Assignment: Write out the entries below exactly, starting at the first line and stopping after the line that contains "ひよこ組さん~ぱんだ組さんの"; skip all pictures.

Data excerpts:
+ + + + + + +

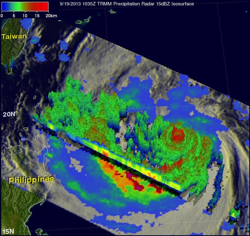 Hier dans la journée, au maximum de son intensité, le radar TRMM de la NASA a capturé un cliché assez remarquable, qui témoigne de la vigueur du typhon. Vers 10h30 TU, les sommets convectifs du mur de l'oeil ont été pointés à 15 km d'altitude. Sur le quadrant sud du système, quelques sommets à 16 km d'altitude ont été observés. Le cliche ci-dessous et les relevés effectués mettent clairement en évidence ces tours chaudes (hot towers), caractéristiques des cyclones tropicaux en cours d'intensification rapide.
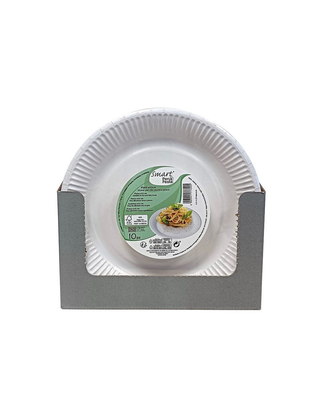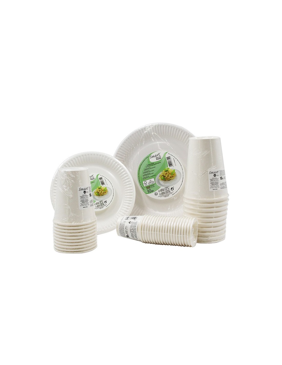 Menaje desechable Plastic Free Cartón FSC eco blanco. Presentación en caja expositor display. 12 packs 10 vasos. 36 cl.
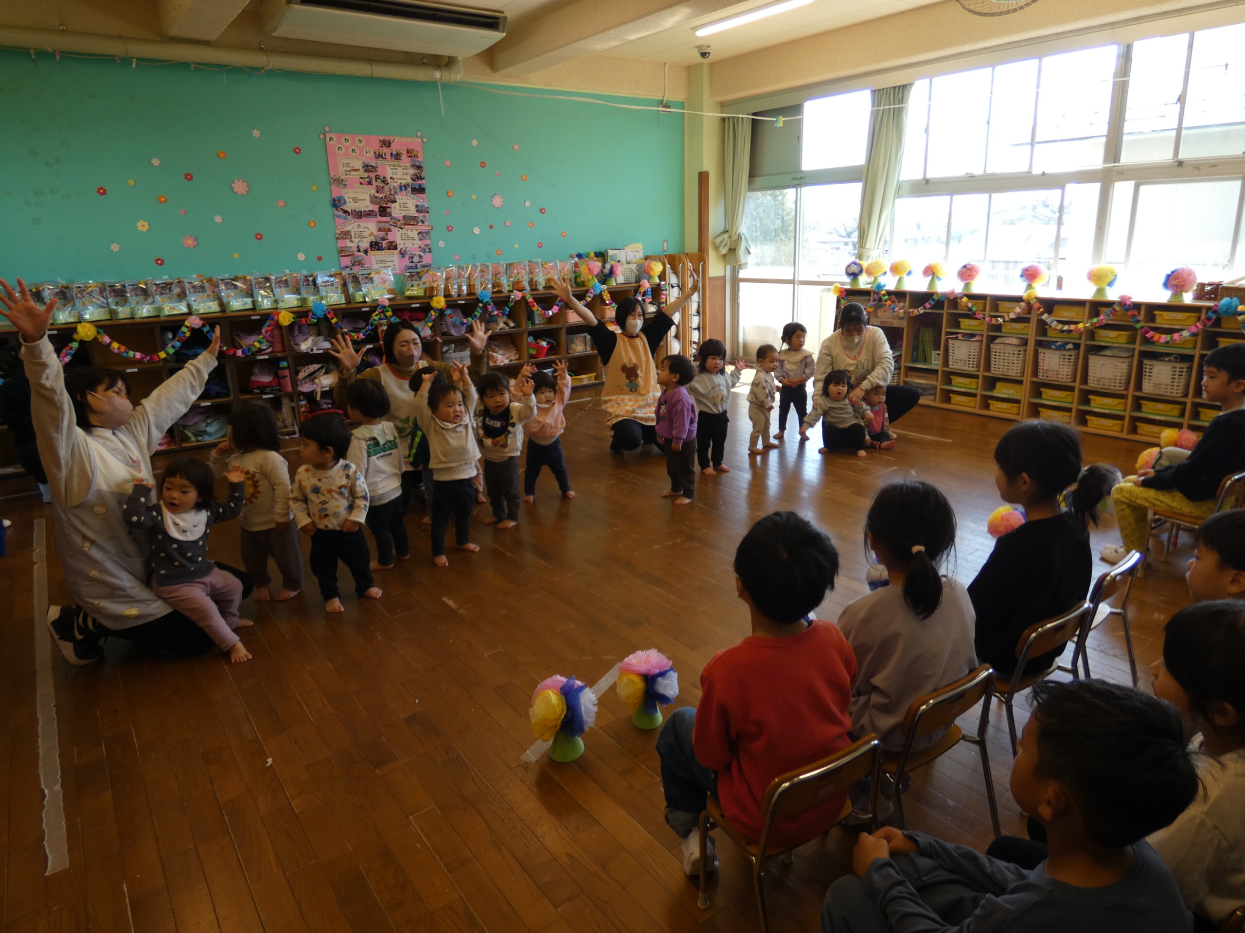 ひよこ組さん~ぱんだ組さんのお友だちは、クラスごとに元気いっぱいのお遊戯や歌を披露しました🎶ぞう組さんも手拍子や歌で盛り上げてくれましたよ😄💗
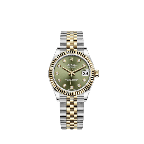 Rolex Datejust 278273 Green Diamond Dial 31mm – Jubilee – NEW 2021. Beautiful green dial in a 31 mm gold/steel case with yellow gold bezel. Our watches are checked by our watchmaker and will be delivered with warranty from our store.
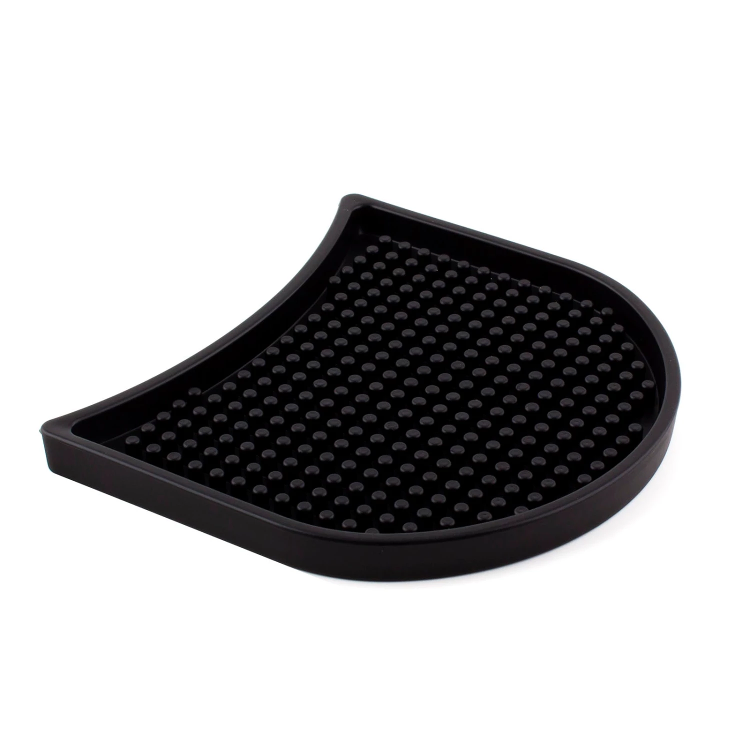 This handy crescent shaped drip mat is a necessity for your next event. The mat provides protection by catching any condensation that comes from a beverage dispenser which helps keep countertops and tabletops free from water rings This drip mat is great for self-serve use at parties and events, as it will provide your guests with a clean and appealing dining experience. It features a lattice base pattern to keep your serving container securely in place. It’s also very easy to clean out when it fills with liquid. This rubber mat is dishwasher safe.
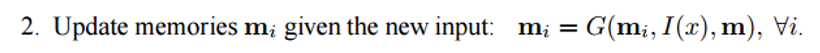The next step would be taking the feature representation I(x) and allowing our memory m to be updated to reflect the new input x we’ve received.
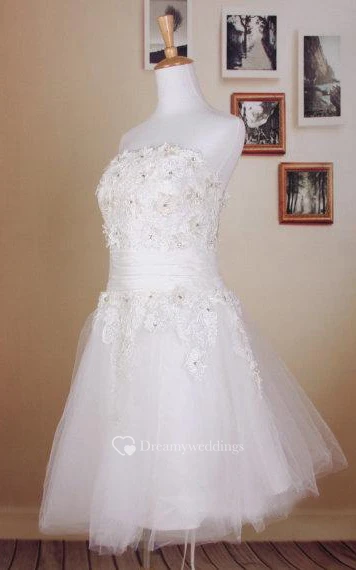 Tulle Short A-Line Sleeveless Dress With Lace Appliques and Beadings
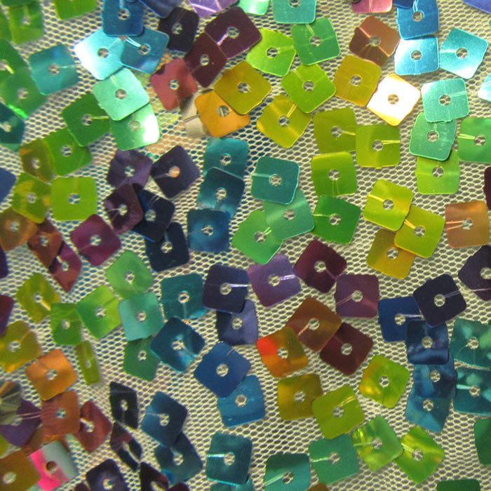 5MM SQUIRE MULTI COLOR SEWN ON WNITE COLOR MESH.
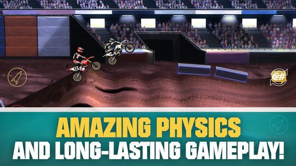 疯狂摩托车技2是一款颇有挑战的越野摩托竞速游戏。在游戏中玩家可以驾驶摩托车在赛道上做出各种高难度的特技动作,尝试越过精心设计的障碍和陷阱,以最快的速度、最短的时间来到终点。玩家每次完成比赛都可以获得金币和道具的奖励,它们可用于解锁新的摩托车或者骑手服装,还有多种车辆装扮可以兑换。
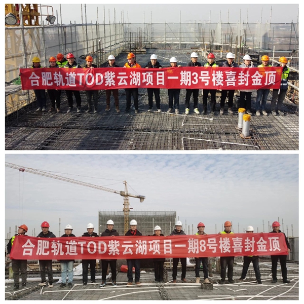 新年好彩頭!同濟集團承建的合肥軌道 TOD 紫云湖項目一期施工總承包項目首開區喜封金頂
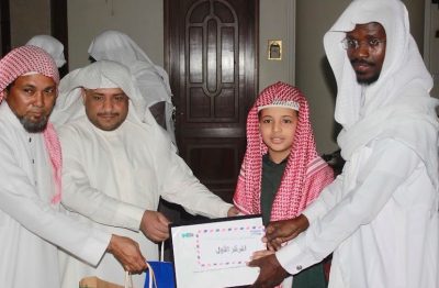 كرَّم المربي الفاضل الشيخ أمين جبريل جارا، مشرف حلقات جامع الأميرة الجوهرة بالهنداوية بمكة المكرمة، وبحضور الأستاذ فيصل العصيمي والأستاذ عبدالله حسين أحمد والأستاذ مصطفى كمال الدين ونخبة من رجال التربية والتعليم والإعلاميين، وأولياء أمور الطلاب المكرمين من حلقات تحفيظ القرآن الكريم بالجامع في الحفل الختامي السنوي لمسابقة أهل القرآن الرمضانية لعام 1446هـ الذي تنظمه شبكة “كورة مكة” الرياضية بقيادة الإعلامي المتميز “عبدالعزيز نافع”، والذي نظمته الحلقات بمشاركة سكان مكة المكرمة وخارجها. وقد بلغ مجموع المشاركين في المسابقة 111 مشاركًا، 89 مشاركًا في فئة الكبار و22 مشاركًا في فئة الصغار. وتم تكريم المراكز العشرة الأولى بمبالغ مالية وجوائز قيمة، وهم المشاركون: أحمد ديالو، عبدالله الشميري، عمار عثمان، بشار أحمد، مصطفى حما، معراج جمال، سعيد برناوي، أحمد أمير، عبدالرحمن عبدالشكور، وليد أمادو، عبدالله هوساوي، عمر المولد، خالد عبدالقادر، عابد أحمد، أحمد سيد، فواز حسين، عزيز عبدالأول، محمد مامان. وتم تكريم 5 طلاب من المتفوقين والمتميزين والمشاركين في إمامة المصلين في صلاة التراويح في شهر رمضان المبارك، الذين أتموا حفظ القرآن الكريم كاملًا، وهم الطلاب: عمار فلاته، وإبراهيم هوساوي، ونذير برناوي، وعبدالودود إسماعيل، وعبدالمجيد يوسف.
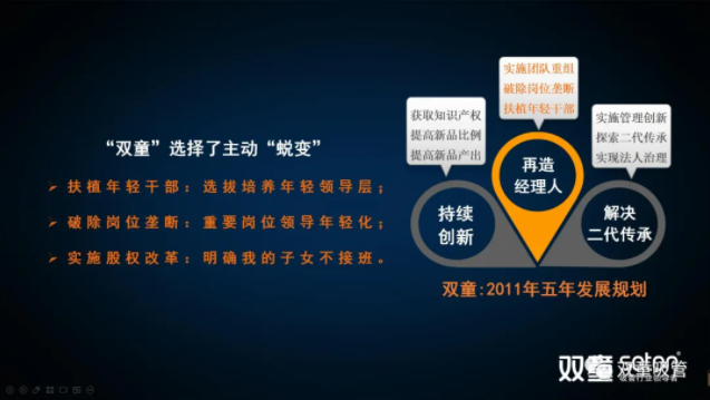 2010年,樓仲平在理解人性活力的“自然遞減”的現象以及經(jīng)理人老化自然規律后,下定決心通過(guò)《雙童五年發(fā)展規劃》的組織變革來(lái)實(shí)施解決“經(jīng)理人老化”問(wèn)題:明確扶植年輕干部,選拔培養優(yōu)秀的年輕領(lǐng)導層,解決二代傳承接班等問(wèn)題。

+ + + + + + +

Exercise response:
 Hier dans la journée, au maximum de son intensité, le radar TRMM de la NASA a capturé un cliché assez remarquable, qui témoigne de la vigueur du typhon. Vers 10h30 TU, les sommets convectifs du mur de l'oeil ont été pointés à 15 km d'altitude. Sur le quadrant sud du système, quelques sommets à 16 km d'altitude ont été observés. Le cliche ci-dessous et les relevés effectués mettent clairement en évidence ces tours chaudes (hot towers), caractéristiques des cyclones tropicaux en cours d'intensification rapide.
 Menaje desechable Plastic Free Cartón FSC eco blanco. Presentación en caja expositor display. 12 packs 10 vasos. 36 cl.
 ひよこ組さん~ぱんだ組さんのお友だちは、クラスごとに元気いっぱいのお遊戯や歌を披露しました🎶ぞう組さんも手拍子や歌で盛り上げてくれましたよ😄💗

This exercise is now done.